Shocker: Apple and Google’s handset arm Motorola Mobility are looking to resolve parts of their global patent dispute pertaining to standards-essential patents deemed critical to smartphone technology. Bloomberg points us to a court filing saying Apple wants to end the patent spat “completely”. Both parties are now seeking ways to resolve their differences through binding arbitration, hoping to perhaps reach a broad licensing agreement…
A Wisconsin federal court on November 5 tossed Apple’s “patent lawsuit with prejudice” out of the window. Motorola Mobility actually first raised the issue of arbitration after Apple accused it of misusing standard-essential patents to demand unreasonable royalties.
The companies have been exchanging proposals on using binding arbitration to reach a licensing agreement over patents that are essential to comply with industry standards on how phones operate.
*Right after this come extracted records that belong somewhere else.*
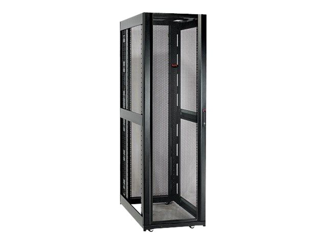 Armoires informatiques riches en fonctionnalités optimisées pour l'architecture en rangées InfraStruxure, la gestion des câbles, la distribution d'alimentation ainsi qu'une circulation d'air optimale.
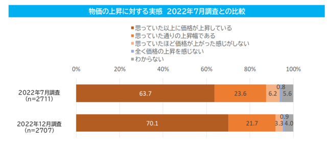 2022年7月調査よりも想定以上の値上げを実感する人が増加
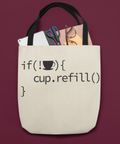 โ˜•๐Ÿ’ป if (!โ˜•) { cup.refill(); } โ€“ Programmer Humor Black Font DTF Transfer
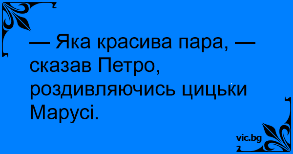 — Яка красива пара, — сказав Петро, роздивляючись цицьки Марусі.

Such an agreement could lead to a global settlement of all of their patent disputes, Apple said in a filing yesterday.
Here’s what Apple wrote in its filing
Apple is also interested in resolving its dispute with Motorola completely and agrees that arbitration may be the best vehicle to resolve the parties’ dispute.
Google General Counsel Kent Walker wrote in a November 13 letter to Apple that was filed with the court:
We have long sought a path to resolving patent issues and we welcome the chance to build on the constructive dialogue between our companies.
While we prefer to seek a framework for a global (rather than piecemeal) resolution that addresses all of our patent disputes, we are committed to reaching agreement on a license for our respective standard-essential patents.
Google previously dropped its second ITC patent infringement claims against Apple, the move some watchers described as a friendly gesture.
And unlike Samsung, Google just recently indicated it still is “interested in reaching an agreement with Apple” over patents. It’s also worth pointing out that Apple last week made peace with HTC by signing a ten-year cross-licensing pact.
Finally, Apple thus far has avoided suing Google directly over Android. For example, though the iPhone maker added Jelly Bean to its second case against Samsung, the scope of that filing is limited to Samsung’s Galaxy Nexus devices only.
Perhaps some good will come out of all this brouhaha after all?